No shit it's the most beloved Dragon Quest in Japan, or that people skipped work to play it; DQ3 was revolutionary back then and still serves as a gold standard for the genre to this day, putting JRPGs that released console generations ahead of it to shame with its scope. It's full of firsts for the genre, series, and video games as a whole, and playing it today I'm just astonished by how much shit (really good shit, mind you) they put into an NES cartridge, especially after DQ2.

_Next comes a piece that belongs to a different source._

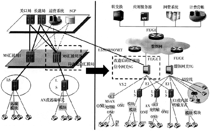 改造后的匯接局和端局之間通過(guò)ISUP中繼方式連接,接入網(wǎng)絡(luò)通過(guò)V5中繼接入。如果原有匯接局直接下掛部分用戶(hù),這部分用戶(hù)可以采用中繼媒體網(wǎng)關(guān)下掛接入單元的方式接入。原有端局用戶(hù)的數(shù)據(jù)管理和業(yè)務(wù)提供統(tǒng)一由軟交換支持,端局用戶(hù)的業(yè)務(wù)觸發(fā)提升到匯接局,避免對(duì)端局的改造,同時(shí),用戶(hù)可以使用軟交換業(yè)務(wù)平臺(tái)提供的各類(lèi)智能業(yè)務(wù)和增值業(yè)務(wù)。匯接局網(wǎng)絡(luò)優(yōu)化后,原有端局無(wú)法提供的業(yè)務(wù)均可以由軟交換業(yè)務(wù)系統(tǒng)提供。

Once you get the ship it's practically an open-world NES game, which sounds like a recipe for disaster - except NPCs actually tell you where to go. Shocking for the time, I know. Just sailing around looking for new towns creates this sense of adventure and discovery that honestly might be unmatched even by later DQ entries, and it's even cooler that you get to explore with self inserts of you and your friends. It actually feels like a world that's lived in, at least as far as NES JRPGs go, with NPCs singing praises of Ortega's exploits, living in fear of Baramos, talking about their lives. Yeah, NPC dialogue serves to do more than just tell you where to go next - another rarity for the time. Couple all of this with its surprisingly deep class system and you might just have a near perfect DnD/tabletop-like JRPG. Insanely good all around, not just by NES standards. JRPG fans should be obligated to play any version.